指導者の力負けにアメリカ人記者からも悲鳴が… 

ポトマック通信
16日、フィンランド・ヘルシンキでの共同記者会見の最後に握手するドナルド・トランプ米大統領(左)とロシアのウラジーミル・プーチン大統領(AP)

 プーチン露大統領の遅刻癖からして首脳会談後の共同記者会見は大幅にずれ込むとみて、ヘルシンキの会見会場近くに設置された記者室で中継を見ることにした。本当は就任18カ月のトランプ大統領が、指導的地位に18年いるプーチン氏とどうわたり合うかを目撃したかったが、判断は正解だった。締め切り間際に両首脳の発言を聞き、同時に東京のデスクと調整して原稿を書く作業はとても会見場ではできなかった。

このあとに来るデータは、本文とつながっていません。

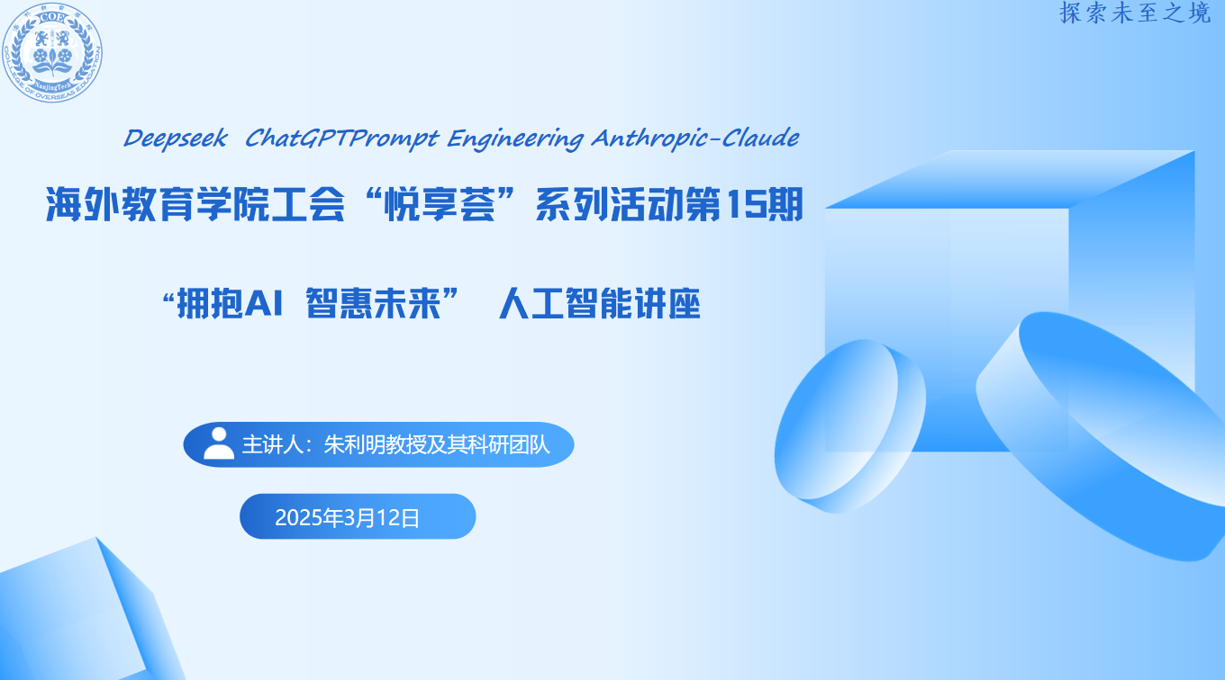 3月12日下午,球友会第15期“悦享荟”专题讲座在明远楼102会议室精彩开讲。本期活动特邀公司朱利明教授及其科研团队,为全体教职工带来了主题为“拥抱AI,智惠未来”的人工智能专题讲座。
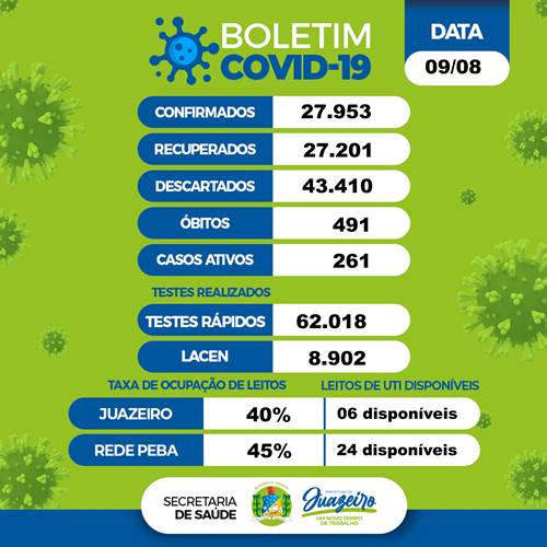 O percentual de ocupação dos leitos de UTI para Juazeiro na Rede PEBA (hospitais de Pernambuco e Bahia) é de 45%, com 24 leitos disponíveis. Somente em Juazeiro, 40% dos leitos de UTI para pacientes com Covid-19 estão ocupados, com 6 disponíveis.
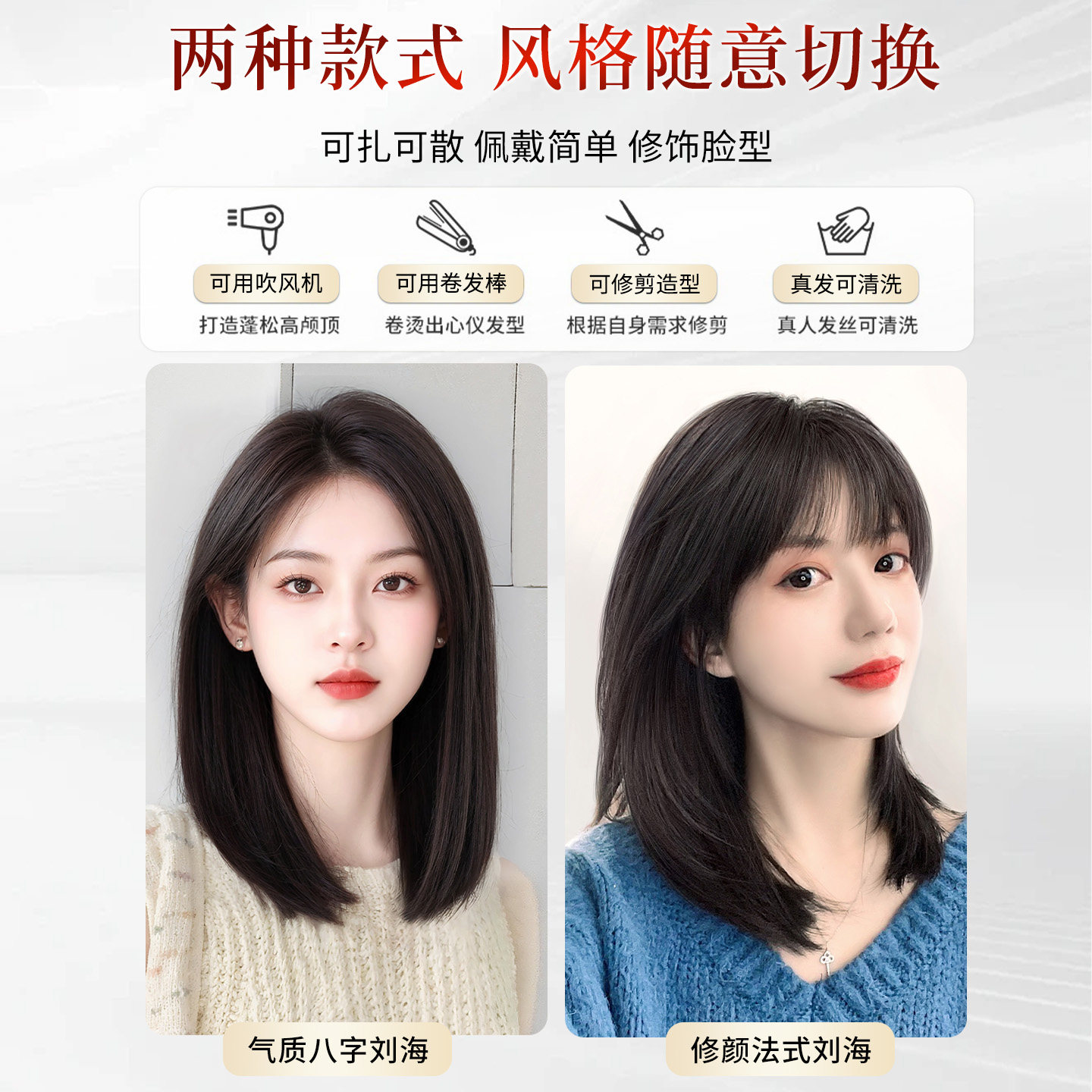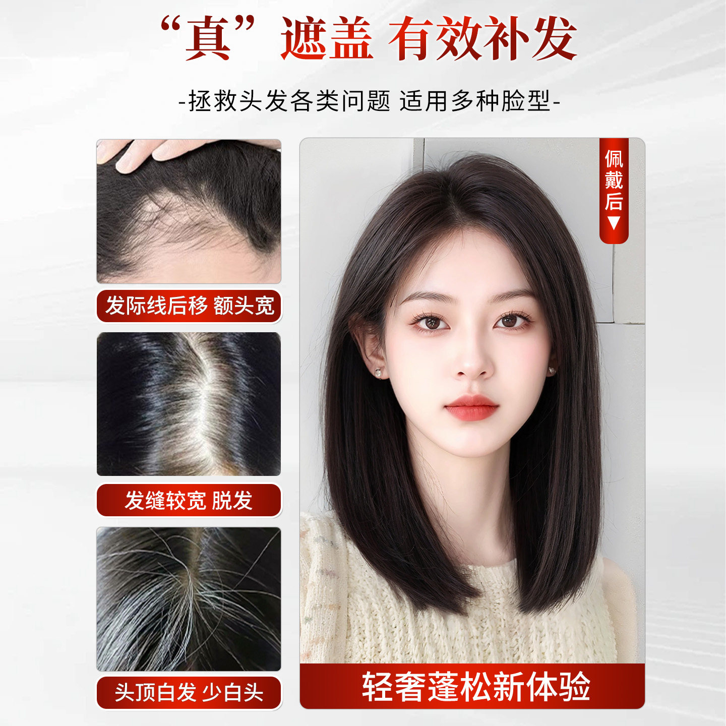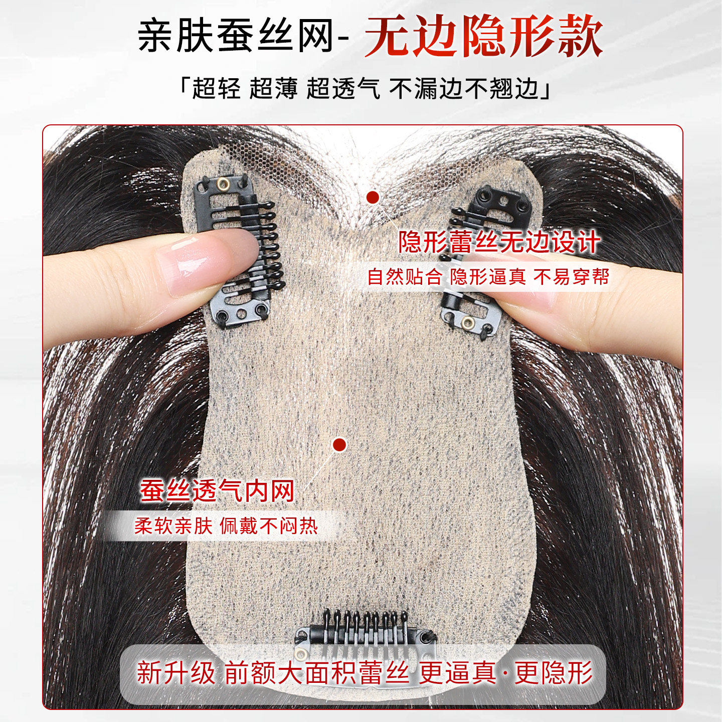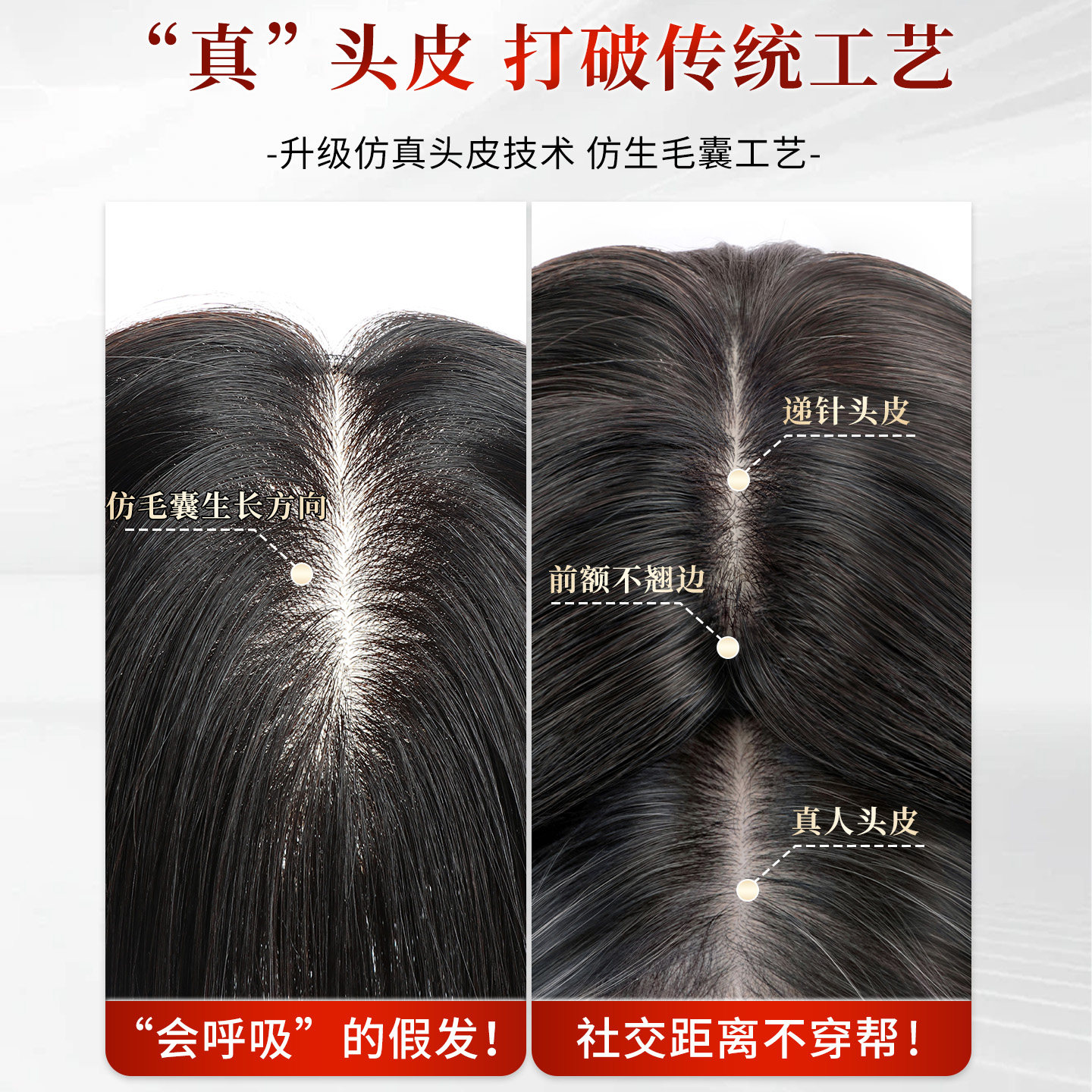 递针假发女片头顶真发全真人发遮白发增发量蓬松自然无痕刘海补发

 記者室では、大きなスクリーンに映し出されたトランプ氏がロシア疑惑で自国の情報機関よりプーチン氏の肩を持つような発言をするたびにため息のような「オー…」という声が出た。自国の指導者がプーチン氏に力負けしていることへの悲鳴に聞こえた。

 オバマ前大統領のスピーチライターだったローズ元副補佐官は最近出版した回顧録で、任期の8年近く批判材料とされたオバマ氏の一言を挙げた。就任間もなく「私は米国の例外主義を信じているが、英国人もギリシャ人も自国の例外主義を信じているのではないか」と述べたことで、オバマ氏は米国の優越性を信じていないと批判された。

 プーチン氏の隣で見せたトランプ氏の「弱さ」は野党の批判材料となり、11月の中間選挙や大統領再選戦略にも影響を与えるだろう。(加納宏幸)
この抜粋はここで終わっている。